GOAL OF THE EXERCISE:
Report each line of the material below where the word "カジュアル" can be found.

RECORDS FOR THE EXERCISE:
-- Opening Marker --

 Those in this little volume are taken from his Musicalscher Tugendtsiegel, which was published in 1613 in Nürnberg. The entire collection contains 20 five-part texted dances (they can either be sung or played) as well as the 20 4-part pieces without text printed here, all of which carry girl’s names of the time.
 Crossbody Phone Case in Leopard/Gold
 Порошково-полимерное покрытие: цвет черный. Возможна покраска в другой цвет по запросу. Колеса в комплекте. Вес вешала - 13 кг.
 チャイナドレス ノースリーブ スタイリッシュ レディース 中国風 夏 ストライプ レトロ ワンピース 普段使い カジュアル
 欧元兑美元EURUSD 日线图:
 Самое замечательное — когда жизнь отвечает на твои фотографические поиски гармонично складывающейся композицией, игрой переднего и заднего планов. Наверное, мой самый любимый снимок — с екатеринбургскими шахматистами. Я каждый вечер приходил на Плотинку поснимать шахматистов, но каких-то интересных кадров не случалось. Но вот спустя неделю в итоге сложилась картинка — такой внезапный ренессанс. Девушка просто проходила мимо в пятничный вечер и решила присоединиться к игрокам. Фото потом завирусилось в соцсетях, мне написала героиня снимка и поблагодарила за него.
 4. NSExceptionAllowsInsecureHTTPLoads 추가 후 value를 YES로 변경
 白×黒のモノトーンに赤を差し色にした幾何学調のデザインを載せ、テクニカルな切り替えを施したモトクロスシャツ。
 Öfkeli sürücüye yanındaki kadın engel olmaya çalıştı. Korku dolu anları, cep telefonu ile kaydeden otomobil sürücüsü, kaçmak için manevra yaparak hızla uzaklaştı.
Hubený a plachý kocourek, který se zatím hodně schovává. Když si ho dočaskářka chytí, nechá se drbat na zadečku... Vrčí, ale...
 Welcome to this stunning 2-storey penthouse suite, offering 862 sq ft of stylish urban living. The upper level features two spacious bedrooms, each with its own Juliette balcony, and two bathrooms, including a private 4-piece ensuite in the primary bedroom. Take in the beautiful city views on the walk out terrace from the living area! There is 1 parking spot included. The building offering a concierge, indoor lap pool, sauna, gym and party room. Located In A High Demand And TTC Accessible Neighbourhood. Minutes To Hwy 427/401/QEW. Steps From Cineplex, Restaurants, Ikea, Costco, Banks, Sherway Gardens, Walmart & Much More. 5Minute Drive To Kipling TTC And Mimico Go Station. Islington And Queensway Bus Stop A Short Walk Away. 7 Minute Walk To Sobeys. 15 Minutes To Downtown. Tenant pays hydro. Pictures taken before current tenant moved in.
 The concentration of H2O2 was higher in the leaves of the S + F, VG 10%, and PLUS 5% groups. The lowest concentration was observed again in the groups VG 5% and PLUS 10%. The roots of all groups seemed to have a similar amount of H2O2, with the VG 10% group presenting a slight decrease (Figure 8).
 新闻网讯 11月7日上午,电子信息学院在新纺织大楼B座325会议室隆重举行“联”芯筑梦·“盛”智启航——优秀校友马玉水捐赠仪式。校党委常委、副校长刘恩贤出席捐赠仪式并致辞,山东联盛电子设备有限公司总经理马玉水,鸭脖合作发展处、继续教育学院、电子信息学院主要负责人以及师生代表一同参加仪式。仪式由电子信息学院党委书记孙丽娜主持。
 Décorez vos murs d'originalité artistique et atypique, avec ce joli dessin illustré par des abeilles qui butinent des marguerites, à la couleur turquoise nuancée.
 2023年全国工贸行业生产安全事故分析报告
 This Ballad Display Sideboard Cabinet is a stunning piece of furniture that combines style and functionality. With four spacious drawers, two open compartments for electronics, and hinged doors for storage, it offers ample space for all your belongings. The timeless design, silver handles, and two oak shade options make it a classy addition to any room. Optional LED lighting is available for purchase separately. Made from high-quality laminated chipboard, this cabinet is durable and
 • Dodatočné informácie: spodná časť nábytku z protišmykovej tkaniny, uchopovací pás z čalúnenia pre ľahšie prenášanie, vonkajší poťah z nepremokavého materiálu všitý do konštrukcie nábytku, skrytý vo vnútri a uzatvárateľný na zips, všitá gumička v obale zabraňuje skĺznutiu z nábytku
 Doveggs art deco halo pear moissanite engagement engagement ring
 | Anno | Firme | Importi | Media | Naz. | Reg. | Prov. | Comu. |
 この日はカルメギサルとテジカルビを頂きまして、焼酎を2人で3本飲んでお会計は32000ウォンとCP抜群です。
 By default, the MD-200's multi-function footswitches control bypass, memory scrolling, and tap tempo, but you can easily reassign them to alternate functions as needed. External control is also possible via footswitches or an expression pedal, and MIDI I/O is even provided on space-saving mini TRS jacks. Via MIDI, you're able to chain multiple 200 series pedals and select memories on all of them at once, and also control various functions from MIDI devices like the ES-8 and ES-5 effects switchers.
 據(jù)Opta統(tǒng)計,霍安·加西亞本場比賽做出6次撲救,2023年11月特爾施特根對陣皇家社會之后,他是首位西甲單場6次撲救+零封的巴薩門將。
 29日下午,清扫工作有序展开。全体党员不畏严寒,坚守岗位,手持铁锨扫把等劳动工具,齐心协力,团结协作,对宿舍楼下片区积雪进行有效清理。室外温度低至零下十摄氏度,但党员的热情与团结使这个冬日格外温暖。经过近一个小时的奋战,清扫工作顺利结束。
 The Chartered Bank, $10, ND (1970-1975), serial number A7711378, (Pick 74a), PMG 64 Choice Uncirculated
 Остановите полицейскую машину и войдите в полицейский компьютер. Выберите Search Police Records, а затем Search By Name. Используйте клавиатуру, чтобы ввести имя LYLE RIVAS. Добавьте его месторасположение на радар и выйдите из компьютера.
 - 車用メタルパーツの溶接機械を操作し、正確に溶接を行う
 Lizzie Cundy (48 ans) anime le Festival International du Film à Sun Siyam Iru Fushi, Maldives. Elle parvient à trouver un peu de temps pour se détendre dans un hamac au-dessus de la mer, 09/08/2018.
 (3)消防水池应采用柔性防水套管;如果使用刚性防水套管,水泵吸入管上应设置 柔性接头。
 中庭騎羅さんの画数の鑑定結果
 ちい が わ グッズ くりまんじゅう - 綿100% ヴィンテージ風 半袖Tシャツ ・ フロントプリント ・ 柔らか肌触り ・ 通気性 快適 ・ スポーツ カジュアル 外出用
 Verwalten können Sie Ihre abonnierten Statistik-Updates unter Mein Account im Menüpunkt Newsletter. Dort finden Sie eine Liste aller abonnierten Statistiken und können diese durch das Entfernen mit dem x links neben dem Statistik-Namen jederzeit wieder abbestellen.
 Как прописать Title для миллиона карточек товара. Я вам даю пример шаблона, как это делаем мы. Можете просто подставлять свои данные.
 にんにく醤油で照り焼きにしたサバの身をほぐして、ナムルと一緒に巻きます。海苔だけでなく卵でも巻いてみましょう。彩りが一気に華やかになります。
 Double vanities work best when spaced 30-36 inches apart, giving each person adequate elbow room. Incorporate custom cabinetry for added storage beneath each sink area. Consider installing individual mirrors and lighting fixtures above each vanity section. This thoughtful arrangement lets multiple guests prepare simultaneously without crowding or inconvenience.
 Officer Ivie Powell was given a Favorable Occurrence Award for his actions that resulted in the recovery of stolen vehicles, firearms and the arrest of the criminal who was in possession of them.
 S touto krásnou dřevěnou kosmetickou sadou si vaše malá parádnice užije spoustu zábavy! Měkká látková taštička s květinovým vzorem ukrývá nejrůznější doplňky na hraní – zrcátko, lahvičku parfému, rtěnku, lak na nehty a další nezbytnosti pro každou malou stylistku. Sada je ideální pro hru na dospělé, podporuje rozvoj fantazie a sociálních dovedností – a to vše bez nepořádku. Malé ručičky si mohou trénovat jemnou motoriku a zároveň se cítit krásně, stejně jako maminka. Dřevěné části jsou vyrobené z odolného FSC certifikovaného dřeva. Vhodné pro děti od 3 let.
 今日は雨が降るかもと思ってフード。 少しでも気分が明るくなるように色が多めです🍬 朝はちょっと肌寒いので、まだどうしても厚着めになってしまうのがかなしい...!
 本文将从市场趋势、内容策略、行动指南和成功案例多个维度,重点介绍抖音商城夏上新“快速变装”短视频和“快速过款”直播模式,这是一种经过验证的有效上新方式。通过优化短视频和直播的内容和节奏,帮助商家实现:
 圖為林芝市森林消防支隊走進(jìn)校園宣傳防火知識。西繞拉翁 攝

-- Closing Marker --

EXERCISE RESULT:
 チャイナドレス ノースリーブ スタイリッシュ レディース 中国風 夏 ストライプ レトロ ワンピース 普段使い カジュアル
 ちい が わ グッズ くりまんじゅう - 綿100% ヴィンテージ風 半袖Tシャツ ・ フロントプリント ・ 柔らか肌触り ・ 通気性 快適 ・ スポーツ カジュアル 外出用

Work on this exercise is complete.